Tous les 5 ans c’est la même histoire : la droite et la gauche se lamentent de ce que les Français ne votent pas pour eux, les partis institutionnels, majoritaires, sérieux, ceux qui se succèdent à la tête de l’Etat et de l’Europe depuis 50 ans faisant varier, juste autant que nécessaire, le degré de malhonnêteté au prorata du degré d’incompétence. Il y en a pourtant des différences entre le Parti populaire européen (de droite), le Parti socialiste européen (de gauche) et l’Alliance des libéraux et des démocrates (du centre)… ou plutôt des degrés d’indifférence et d’inutilité.

Tous les 5 ans on y a droit : la grande alliance de la droite, de la gauche et même parfois du centre pour se partager les postes et les rémunérations qui s’y affèrent ! Vous pensez que j’exagère mais pour bien comprendre comment cela se passe, il suffit d’étudier attentivement la liste des présidents du Parlement européens depuis qu’ils sont élus, c’est à dire depuis 1979. A chaque mandature il y a 2 présidents successifs qui représentent … les deux partis arrivés en tête à l’assemblée :

– de 1979 à 1984 : Simone Veil (centre), elle démissionne en 1982 et laisse la place à Piet Dankert, (gauche) ;

– de 1984 à 1989 : Pierre Pflimlin (centre) qui démissionne en 1987 et laisse la place à  Henry Plumb (droite) ;

– de 1989 à 1994 : Enrique Barón Crespo (gauche) qui démissionne en 1992 au profit de Egon Klepsch (droite) ;

– de 1994 à 1999 : Klaus Hänsch (gauche) qui démissionne en 1997 et laisse la place à José María Gil-Robles (droite) ;

– de 1999 à 2004 : Nicole Fontaine (droite). Elle démissionne en 2002 au profit de Pat Cox (centre) ;

– de 2004 à 2009 : Josep Borrell Fontelles  (gauche) qui laisse sa place à Hans-Gert Pöttering (droite) en 2007 ;

Jerzy Buzek elu président du Parlement par la droite en 2009, il démissionne pour laisser la place à un président de gauche 3 ans plus tard
Jerzy Buzek elu président du Parlement par la droite en 2009, il démissionne pour laisser la place à un président de gauche 3 ans plus tard

Alors pendant la campagne de 2009 face aux accusations des Verts, des nationalistes, de l’extrême gauche et même du centre de Bayrou, tous les candidats de l’UMP et du PS l’ont juré le cœur sur la main … aucun accord, aucune entente, la démocratie et juste la démocratie … conclusion Jerzy Buzek (droite) est élu Président du Parlement en 2009 … et vous le savez déjà, il démissionne en 2012 et bizarrement c’est Martin Schulz (gauche) qui est élu pour lui succéder … pas d’entente  nous promettaient-ils !

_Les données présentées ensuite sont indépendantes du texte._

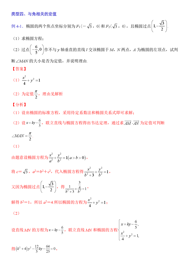 专题5 《圆锥曲线背景下定值的探索》专项突破(四)

En 2014 on recommence mais plus personne ne s’intéresse au poste de Président du Parlement(en tout cas pour le moment), non tous les regards sont tournées vers la présidence de la commission européenne car, pour la première fois, dans un souci vertueux de démocratie c’est le Parlement qui devrait désigner le Président de la commission qui n’est autre que le chef de l’exécutif européen … sauf que la démocratie nos politiciens ne semblent l’aimer qu’à leur bottes ! En effet, selon Jean-Luc Mélenchon, “le 3 avril dernier, les groupes de droite (PPE), centriste (ALDE) et sociaux-démocrates (S&D) du Parlement européen ont adopté une déclaration commune qui prévoit que les trois groupes se concerteront dès les élections passées pour « soumettre conjointement » au Conseil européen une proposition de nom pour la présidence de la Commission européenne. ” 

Ce n’est pas une énième provocation de Mélenchon mais une vraie info et le texte de l’accord peut être consulté sur le site du groupe PPEsur celui du S&D ou celui de l’ADLE.Les présidents de ces groupes  Joseph Daul, Hannes Swoboda et Guy Verhofstadt, « s’y engagent à dialoguer et à se consulter dès que possible après les élections européennes » sur le nom du futur président de la Commission européenne…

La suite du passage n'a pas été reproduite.